PROBLEM TO WORK ON: Nothing outside the stretch is wanted. Repeat exactly the lines of the listing below from the one that contains "행복을 바라는 무리들이" through the one that contains "Framed in museum-quality", both ends included.

GIVEN RECORDS:
----------------------------------------

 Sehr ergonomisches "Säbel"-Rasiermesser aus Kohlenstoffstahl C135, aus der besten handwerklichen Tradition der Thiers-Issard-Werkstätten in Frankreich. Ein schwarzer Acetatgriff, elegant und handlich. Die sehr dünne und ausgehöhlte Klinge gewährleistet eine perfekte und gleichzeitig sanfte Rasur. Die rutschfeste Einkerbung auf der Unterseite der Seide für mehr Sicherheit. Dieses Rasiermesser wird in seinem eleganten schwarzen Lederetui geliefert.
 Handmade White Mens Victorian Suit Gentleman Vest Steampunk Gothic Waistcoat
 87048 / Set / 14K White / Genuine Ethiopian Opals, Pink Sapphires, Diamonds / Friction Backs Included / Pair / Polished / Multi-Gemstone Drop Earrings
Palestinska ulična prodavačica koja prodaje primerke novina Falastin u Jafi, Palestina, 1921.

----------------------------------------

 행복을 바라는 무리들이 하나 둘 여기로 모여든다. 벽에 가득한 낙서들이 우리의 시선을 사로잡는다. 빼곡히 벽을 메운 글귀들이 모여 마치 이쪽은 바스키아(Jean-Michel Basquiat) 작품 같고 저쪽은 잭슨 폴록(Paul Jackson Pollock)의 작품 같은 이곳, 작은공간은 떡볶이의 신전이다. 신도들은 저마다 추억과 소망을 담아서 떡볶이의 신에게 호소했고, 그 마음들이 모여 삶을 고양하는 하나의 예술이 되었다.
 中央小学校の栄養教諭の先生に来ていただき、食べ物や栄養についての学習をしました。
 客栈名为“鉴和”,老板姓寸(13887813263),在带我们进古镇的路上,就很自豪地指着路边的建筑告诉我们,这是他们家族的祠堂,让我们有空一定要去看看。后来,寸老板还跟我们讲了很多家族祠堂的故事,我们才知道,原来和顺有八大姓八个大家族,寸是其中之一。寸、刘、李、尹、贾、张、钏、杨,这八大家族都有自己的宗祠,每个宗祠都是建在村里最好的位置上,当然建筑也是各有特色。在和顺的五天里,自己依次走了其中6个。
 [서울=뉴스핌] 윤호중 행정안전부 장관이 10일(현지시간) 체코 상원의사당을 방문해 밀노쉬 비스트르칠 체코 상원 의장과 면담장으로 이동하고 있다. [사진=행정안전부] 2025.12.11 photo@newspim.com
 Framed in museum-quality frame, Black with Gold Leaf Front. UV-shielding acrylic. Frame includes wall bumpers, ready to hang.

----------------------------------------

SOLUTION TO THE EXERCISE:
 행복을 바라는 무리들이 하나 둘 여기로 모여든다. 벽에 가득한 낙서들이 우리의 시선을 사로잡는다. 빼곡히 벽을 메운 글귀들이 모여 마치 이쪽은 바스키아(Jean-Michel Basquiat) 작품 같고 저쪽은 잭슨 폴록(Paul Jackson Pollock)의 작품 같은 이곳, 작은공간은 떡볶이의 신전이다. 신도들은 저마다 추억과 소망을 담아서 떡볶이의 신에게 호소했고, 그 마음들이 모여 삶을 고양하는 하나의 예술이 되었다.
 中央小学校の栄養教諭の先生に来ていただき、食べ物や栄養についての学習をしました。
 客栈名为“鉴和”,老板姓寸(13887813263),在带我们进古镇的路上,就很自豪地指着路边的建筑告诉我们,这是他们家族的祠堂,让我们有空一定要去看看。后来,寸老板还跟我们讲了很多家族祠堂的故事,我们才知道,原来和顺有八大姓八个大家族,寸是其中之一。寸、刘、李、尹、贾、张、钏、杨,这八大家族都有自己的宗祠,每个宗祠都是建在村里最好的位置上,当然建筑也是各有特色。在和顺的五天里,自己依次走了其中6个。
 [서울=뉴스핌] 윤호중 행정안전부 장관이 10일(현지시간) 체코 상원의사당을 방문해 밀노쉬 비스트르칠 체코 상원 의장과 면담장으로 이동하고 있다. [사진=행정안전부] 2025.12.11 photo@newspim.com
 Framed in museum-quality frame, Black with Gold Leaf Front. UV-shielding acrylic. Frame includes wall bumpers, ready to hang.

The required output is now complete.